Thermostatic radiator valves (TRVs) with too much flow may not operate properly. This could result in loud water ‘streaming’ noises as it flows through the valves, particularly as they start to close when the room temperature increases.

More pertinently, if consumers are unaware that system imbalance is the cause of radiators not working, they may simply turn up the boiler to mitigate the issue. However, this doesn’t address the root cause, and will lead to much higher energy bills and an inefficient heating system.

The solution 

Once system imbalance has been identified as the issue, the solution is fairly straightforward. Radiator valves can be manually adjusted by ensuring that the correct flow rate is achieved across all heat emitters in the property. 

Many of the latest TRVs include a product which facilitates adjustment of the flow rate through the TRV itself, which allows heating engineers to easily set the heat output of a radiator. Adjusting the flow of hot water through the TRV helps ensure correct heat output of the radiator, which the heating engineer will determine for each room based on heat loss calculations. TRV manufacturers provide a table that gives settings on the valve and output that will be received by the radiator. 
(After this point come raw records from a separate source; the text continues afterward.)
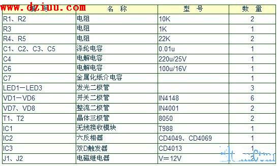 Q(13腳)翻轉輸出高電平,T2導通,J2吸合,電機反轉,窗簾打開。同樣再次按動D鍵,Q(11腳)再次翻轉輸出低電平,窗簾停止運動。如此通過兩鍵可任意實現窗簾的打開、合上、停止,非常方便。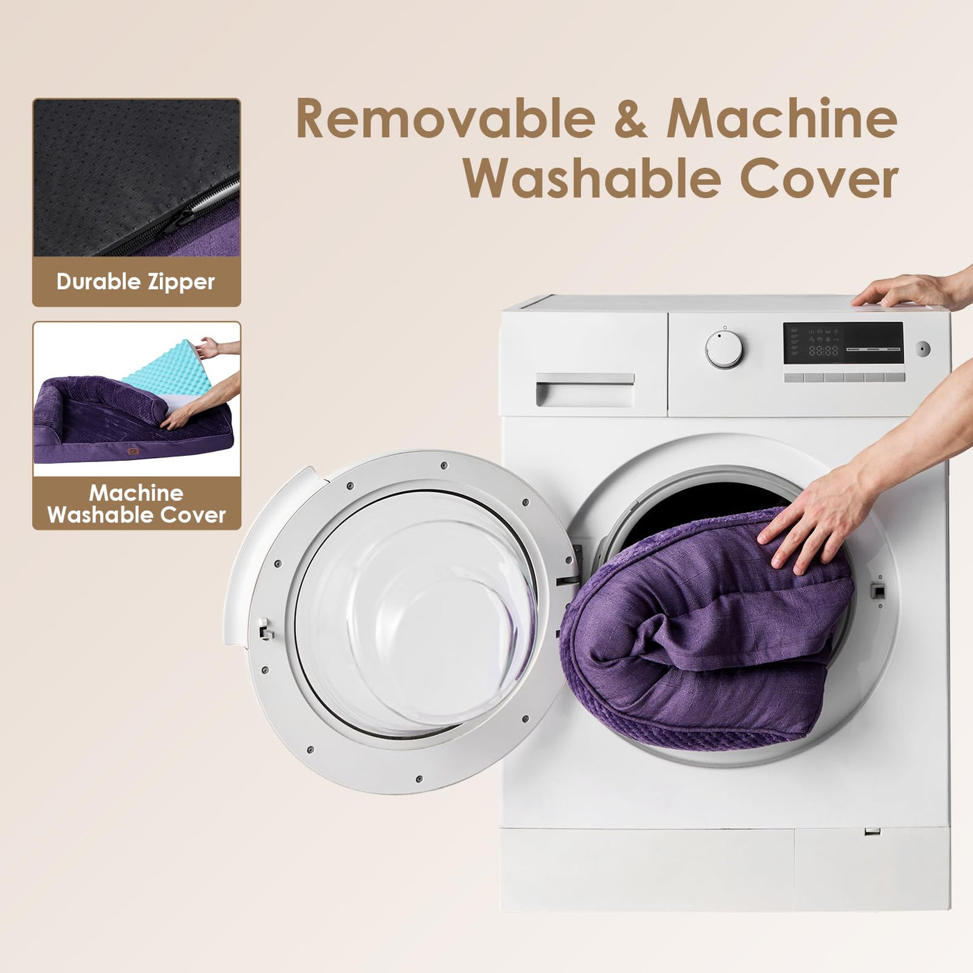 Q: Is the cover of the EHEYCIGA dog bed machine washable?A: Yes, the EHEYCIGA dog bed features a removable cover with a zipper closure that is machine washable for easy cleaning and maintenance.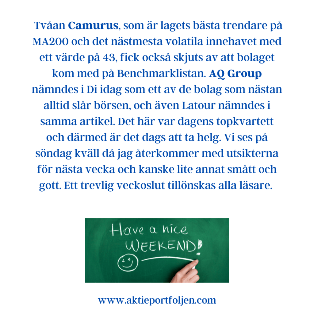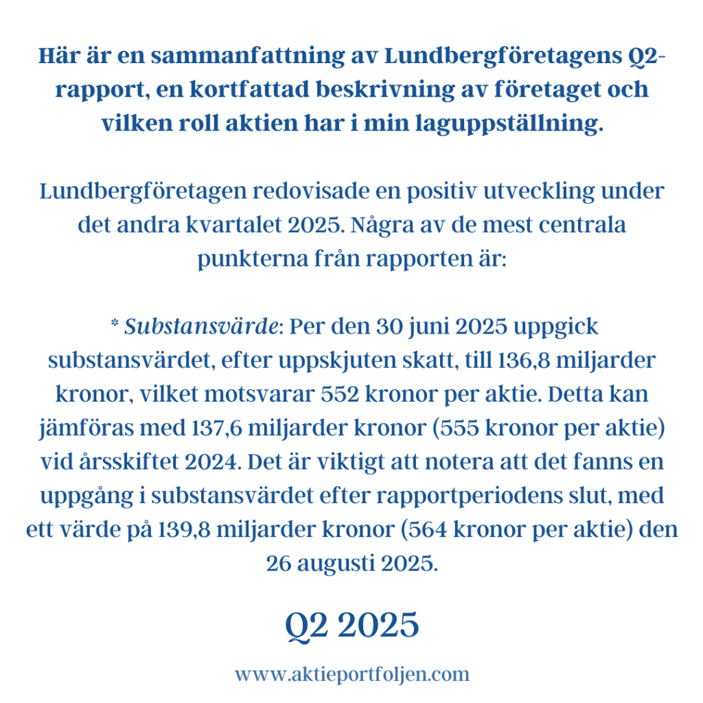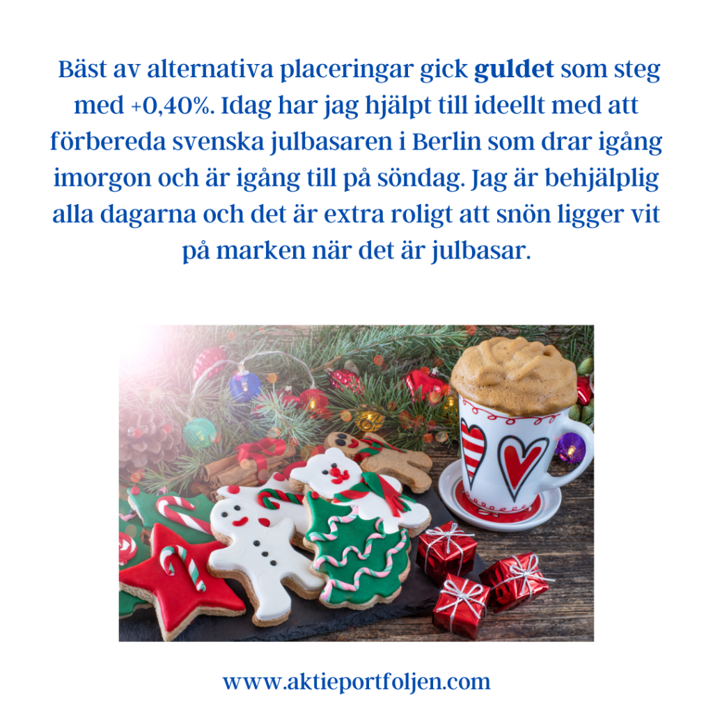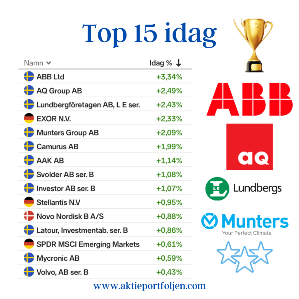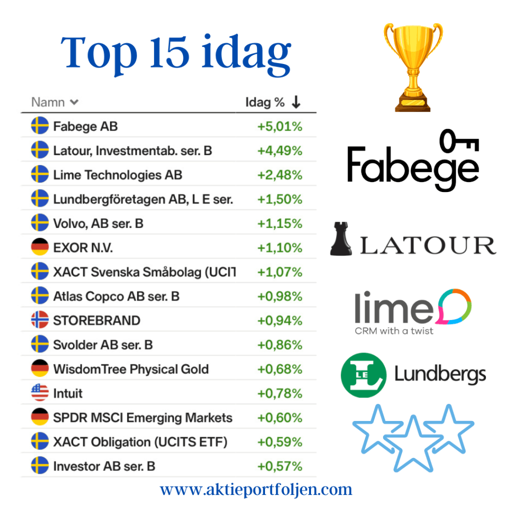 Catena AB +6,55 % Lundbergföretagen B +2,18 % flatexDEGIRO +2,11 % Storebrand +1,84 % SPDR MSCI Emerging Markets UCITS ETF +1,83 % Latour B +1,82 % Handelsbanken A +1,59 % Airbus +1,41 % ASSA ABLOY B +1,38 % AQ Group +1,38 % Essity B +1,28 % WisdomTree Physical Gold +1,26 % XACT Svenska Småbolag +1,15 % L&G Gold Mining UCITS ETF +1,13 % Nordnet +1,09 % VanEck Uranium & Nuclear Technologies ETF +0,99 % VanEck Defense UCITS ETF +0,95 % iShares DAX UCITS ETF +0,89 % Atlas Copco B +0,83 % Xtrackers STOXX Europe 600 UCITS ETF +0,73 %

This is where heat loss calculations are critical, especially for low temperature systems, as they help to provide a specific guideline for how the system should be balanced. Identifying where thermal energy is lost in the home enables heating engineers to mitigate through system balance, utilising the latest TRV technology to ensure consistent heat and efficiency throughout the property.  

Good practice

Ensuring that TRVs are fitted on radiators should be part of a heating engineer’s normal routine, with boiler replacements the perfect time to do so owing to the system already being drained down. Adopting this type of approach allows existing systems to work at maximum efficiency, ultimately maintaining the correct level of comfort for consumers while saving energy. 
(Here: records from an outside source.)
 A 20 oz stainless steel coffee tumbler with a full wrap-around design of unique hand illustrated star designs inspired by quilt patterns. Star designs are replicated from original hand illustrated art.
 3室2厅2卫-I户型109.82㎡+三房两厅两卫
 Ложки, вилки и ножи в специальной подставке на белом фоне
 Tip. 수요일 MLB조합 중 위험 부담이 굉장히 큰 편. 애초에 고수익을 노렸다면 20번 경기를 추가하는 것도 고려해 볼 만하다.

The rise of smart home technology should also be taken note of, with a range of companies now offering homeowners the ability to digitally ‘zone’ heating within houses. This has a natural fit with the use of TRVs, with many devices that are already fitted able to be upgraded to work as part of the smart home system. It should be noted, however, that for this to work effectively, systems will still need to be balanced.

Final thoughts

The domestic heating industry is constantly working towards improving the efficiency and effectiveness of delivery into homes, and while this often involves a focus on the development of new appliances and fuel, the optimisation of existing systems should not be ignored. Indeed, given that the government is likely to introduce low temperature heating systems into newbuilds as part of SAP 10, this approach to balancing heating systems will become more important than ever.